George’s future wife Julia Lenora Ward was living in Grey County in 1861, in Sullivan Township. Their daughter Josephine was born in 1861. It was not abnormal for children to be born before the wedding on the frontier; there may not have been a Presbyterian church in the area yet (I’ve been looking for a reference to one and not found one yet in that year). George and Julia were married in the Grey County on 14 April 1863. Their family quickly grew: Margaret was born in 1864, James was born in 1865; Mary Ann in 1867, William in 1869, and George Taylor in 1870.

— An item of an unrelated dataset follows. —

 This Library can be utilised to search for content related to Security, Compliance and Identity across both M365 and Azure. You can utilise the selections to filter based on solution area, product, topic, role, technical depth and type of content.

An early pioneer, Elizabeth Atkinson Hambly, in the late 1920s, gave a talk to the Mount Horeb Women’s Institute, which was excerpted in Beautiful Stoney Keppel: including the Village of Shallow Lake, 1855-1986, pp. 9-10. The talk described life in Keppel in the early pioneering times; her family came to Keppel in 1862, about the same timeframe as George Graham and his young family. According to Ms. Hambly, the first thing one had to do was clear a space in the bush to build a log cabin or shanty, which was usually 10’ x 12’, using only a hand axe. Wedge pieces of timber called chinks were shoved between the logs, and if necessary, stuffed with moss to keep out the wind. There was only one door, hung on wooden hinges, and one tiny window about 8” x 10” (small to protect against bears and wolves, which were plentiful). The roof of the shanty was made of split cedars called clapboards and the floor of hand-hewn basswood. There was a fireplace where cooking was done, a roughhewn table, and a bunk which served as a seat by day and a bed by night – you would either lie lengthwise or crosswise depending on the size and number of children. There were no cupboards, but only holes bored in the walls and pegs pounded in with a flat piece of timber laid the top to form shelves.

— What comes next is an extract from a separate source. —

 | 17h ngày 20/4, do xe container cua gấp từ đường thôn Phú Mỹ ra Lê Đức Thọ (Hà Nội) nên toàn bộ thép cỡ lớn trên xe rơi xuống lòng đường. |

Climbing My Family Tree: Drawing of Log Shanty, Ontario CA by William Harlow White. 1875.
Drawing of Log Shanty, Ontario CA by William Harlow White. 1875. In the Public Domain.
Click to make bigger.

After the home was built, and the timber cut down, rolled into piles and burned, potatoes or grain was planted among the stumps. The following season wheat was generally planted and when ripe was cut with a sickle and bound by hand. The County History noted that while the grains produced in the area were excellent, in the beginning farming was primitive. When it came time to harvest the grain, a tree with a spreading top would be cut down, the branches on one side trimmed off, a pole laid across the top and the branches spread out and fastened to it by vines or strips of basswood bark, and the grain or hay would be placed on top of that. Then oxen were hitched to the log end of the tree and the load was drawn this way to the stack, or barn if there was one. Initially, the grain was flailed by hand, and later a horse or oxen-powered threshing machine was used. [YouTube video of threshing wheat by hand with a flail  In the springtime, maple sugar and syrup was made and stored or taken to the store in exchange for provisions. In Ms. Hamblys family, when enough land was cleared and fenced, sheep were raised. I don’t know if George Graham raised sheep, but the rest of this account is likely very close to how George and his family lived in the early years of their settlement. The production of livestock developed slowly at first because of a large number of wolves in the area.

From about 1833, when the British Parliament abolished slavery, to the end of the American Civil War, escaped slaves made their way across the Canada-US border via the Underground Railroad which included Great Lakes steamboats and sailboats. Many settled in the Village of Sydenham (now Owen Sound), Grey County, the last terminal of the Railroad. Keppel Township is a peninsula northwest of Owen Sound. As soon as the land survey was underway in the late 1850’s, Keppel’s population began to increase, as white men and their families made their way into the area, purchasing farming lots. By 1865, there were 194 families in Keppel, and by 1871 there were 379 families. The increase in population brought in such conveniences as several saw mills to Keppel so that houses and boats could be made with sawed lumber rather than hand-hewn, lightening the load of the early pioneers. Blacksmith shops and cooperages (barrel makers) also arrived, as well as shops to make wagons and sleighs, and general stores.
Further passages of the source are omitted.